# Entertainment system in den



## asnagesh (Sep 21, 2009)

Hi

I am planning to setup a rudimentary HT system.

I have a small place of 12ft(length) X 10 ft (width) X 9ft (height) room for this purpose.


My idea of a HT is this:
1. projector 
2. screen
3. Player (either from Laptop/ DVD player) or from PS3 blue ray
4. Sound system- I do not have the funds currently for good speakers. I wish to just re-use whatever I have. (Do not know the tech details- connection interface etc).

Is there anything else I would need for this type of setup?
The primary use will be for watching movies and gaming (P3, Xbox)


Can anyone please suggest some models for the projector?

I am completely clueless about the jargon and have very limited knowledge about the various connection interfaces for making this work.

Regards,
Nag


----------



## eugovector (Sep 4, 2006)

Here's the info we'll need to give you advice:
What's your budget?
How far away will you be sitting from your screen?
What speakers/equipment do you have currently?

Thanks,
Marshall


----------



## Jungle Jack (Jul 28, 2009)

Hello,
Welcome to HomeTheaterShack.
What is your budget for this project?
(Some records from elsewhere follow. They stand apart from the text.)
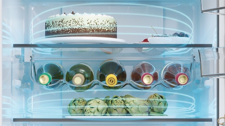 Systém Air Surround se stará o perfektní cirkulaci vzduchu v chladničce prostřednictvím ventilátoru, jenž studený vzduch distribuuje do celého prostoru. Konstantní teplotu pak pomáhají udržovat elektronická čidla, aby potraviny vydržely déle čerstvé a plné vitamínů.
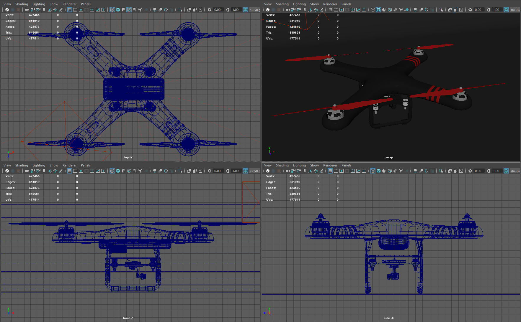 High poly model of a drone.
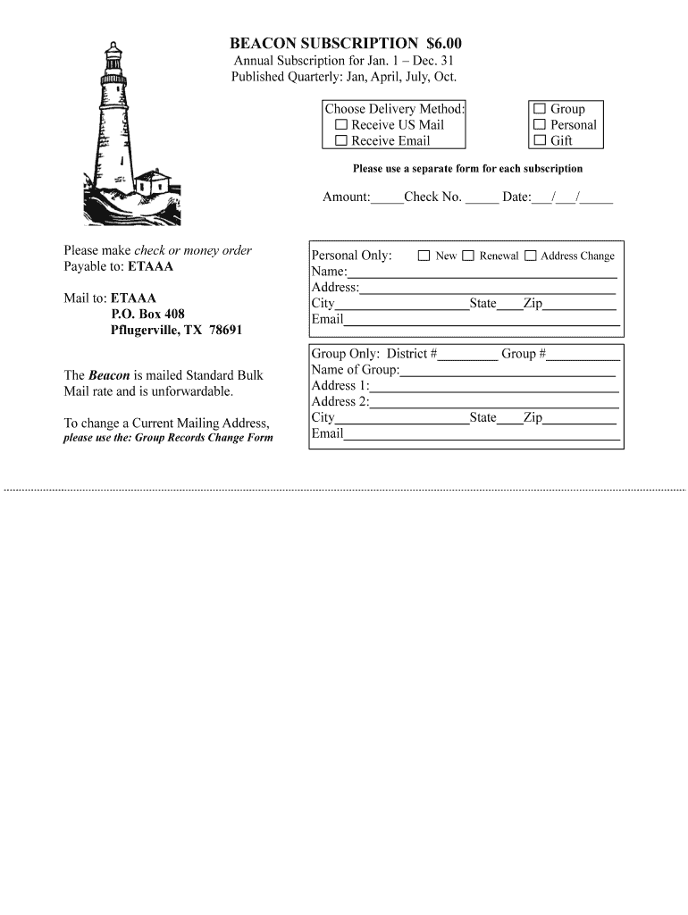 BEACON SUBSCRIPTION $6.00 Annual Subscription for Jan. 1 Dec. 31 Published Quarterly: Jan, April, July, Oct. Please make check or money order
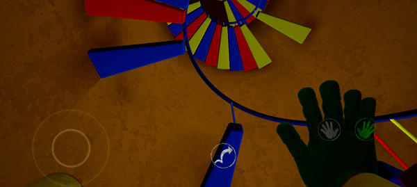 3、正式进入游戏后,玩家需要操控波比,找到自己缺失的玩偶手,熟悉左右两侧的虚拟操控按键。
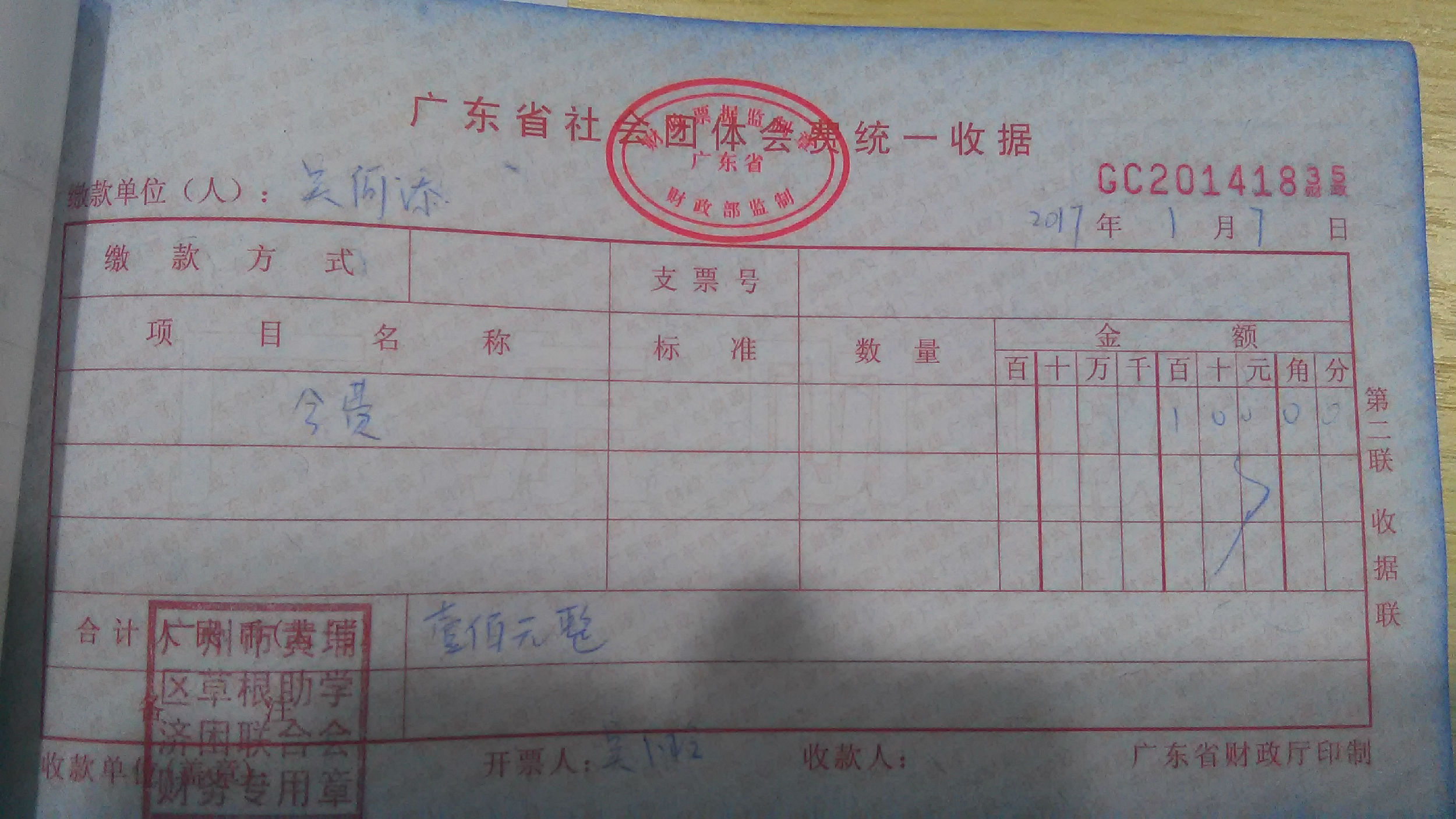 1月7日,草根助学会志愿者熊新元、吴何添先生申请加入广州市黄埔区草根助学济困联合会(会员编号:CGZX-042、CGZX-043),并分别缴纳会费100元,感谢会员对草根助学会的认可与支持。参与草根助学,请加QQ群83468190,或关注草根助学公众微信caogenzhuxue,网站http://www.caogenzhuxue.com 捐赠求助热线13794378327,QQ32450471711379437
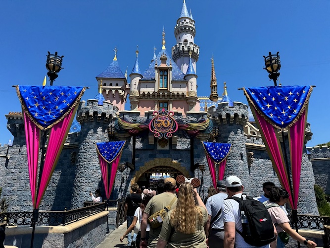 Since we reported on the installation of the Disneyland 70 medallion on Sleeping Beauty Castle, the 70th banners leading up to the Castle have now also been installed.
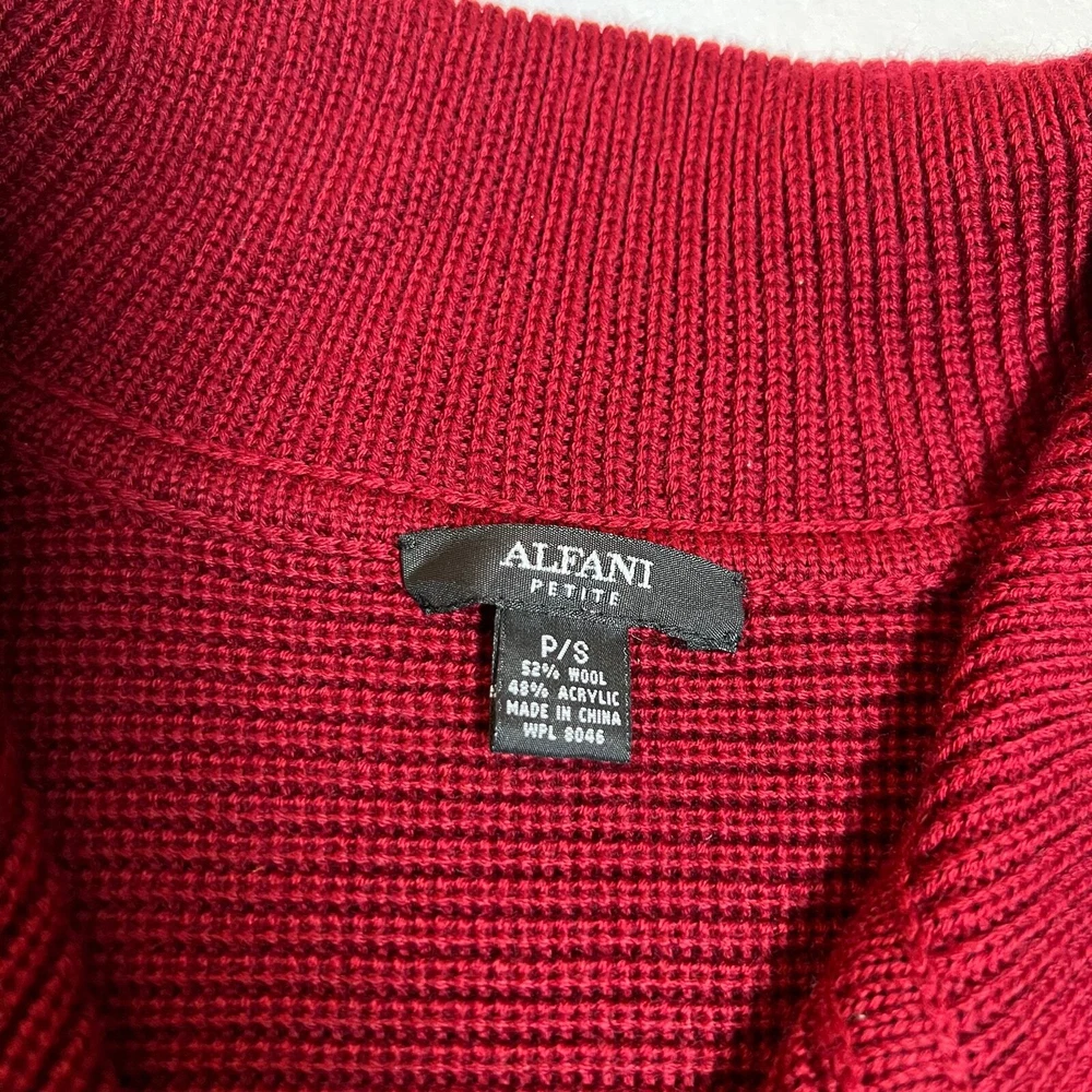 Alfani Wool Blend Knit Open Front Cardigan with Waist Tie Size Petite Small Cozy CONDITION: Pre-Owned. Excellent Used Condition. FLAWS/ALTERATIONS: No flaws COLOR: Red SIZE: Women’s Size Small Petite DETAILS: Collar Long sleeve Tie waist Open front Knit Wool blend MEASUREMENTS: Chest: 21.5" Front Length: 29.5" Back Length: 27" **All measurements are approximate and are taken flat** MATERIAL: 52% Wool 48% Acrylic Bundle 2 OR MORE items to save more! Reasonable offers are welcomed! TAGS: Casual Comfy Fall Winter Travel Vacation Contemporary Minimalist Feminine Girly Cozy Layer Academia Teacher Office Career Workwear Professional Holidays Christmas Corpcore Corporate Party Outerwear Outdoors Classic Staple Cabin Cabincore Snow Modest Colorful

Also, what equipment do you currently have? Projectors have come down greatly in price. If on a real tight budget, probably one of the business style projectors will be the way to go as opposed to HT projectors simply because of price.

Given the size of your space, it will be important to find a projector that does well with short throws (distances). Also, a screen will definitely add to your budget.

How about a DLP Rear Projection TV? Mitsubishi makes 65' sets that can be fairly easily found for around 1000 Dollars. Much more tolerant of ambient light in the room and probably cheaper than going with a projector and screen. And, far easier to setup. You could do a DIY screen however and save money if set on going the projector route.

If going with a projector, you will need either a AV Receiver which offers HDMI switching or a HDMI switcher to route your PS3, Xbox, etc. Also, the room needs to be completely dark for the projector to really work well.
Cheers,
JJ


----------



## tonyvdb (Sep 5, 2007)

No matter what system you go with (either projector or display) you will need a receiver, as you did not list the need for one either you forgot or you have one. Right now Onkyo has the best bang for the buck and a decent receiver can be had for around $500.


----------



## asnagesh (Sep 21, 2009)

Hi.
Thanks for the responses.

1. My budget is roughly 4k USD. I would like a fairly good projector as a long term investment. But I do not know how to define a "good" HT projector :bigsmile:
2. I have Philips DVD player (model: MCD280). It has 2 speakers with it. I do not have any separate professional speakers. I was wondering if the same could be used. But I could go for proper speakers if reqd.
3. I missed an AV receiver, coz I did not realize I need one :scratchhead: . I am very short of knowledge about this. But I think I get what you mean.
4. I am attaching a rough layout of the room. I have 10ft white wall on which the projector screen will be mounted. Seating can be arranged between 8 to 12 feet away from the screen. The room is still being constructed. The civil works are going on. So if any changes need to be made to the layout w.r.t screen and seating arrangements, I can still do it. But the stairs on the left and door on the right are fixed.



Regards,
Nag


----------



## tonyvdb (Sep 5, 2007)

Ok, just so you have a better idea a receiver is really the heart of the home theater system as it does all the video and audio processing. Your DVD player must have some sort of amp if it came with its own speakers however it will not be a great idea to continue using them with the player. I highly recommend looking at the SVS SBS-01 System for under $1000 you get a fantastic set of speakers and a good subwoofer. 
Is it possible to turn the seating so that your screen is on the 8' wall and your seating is located along the 12' wall? This is a much better position to be in as the room acoustics will be better if you sit farther back from the screen along the longer length of the room.


----------



## Jon Liu (May 21, 2007)

There are plenty of options with a $4k budget. I would probably only spend about half of that on the projector and even at $2k you can find a good quality projector that will last long term. Panasonic and Epson are a couple companies that come to mind that make fantastic projectors in that price range.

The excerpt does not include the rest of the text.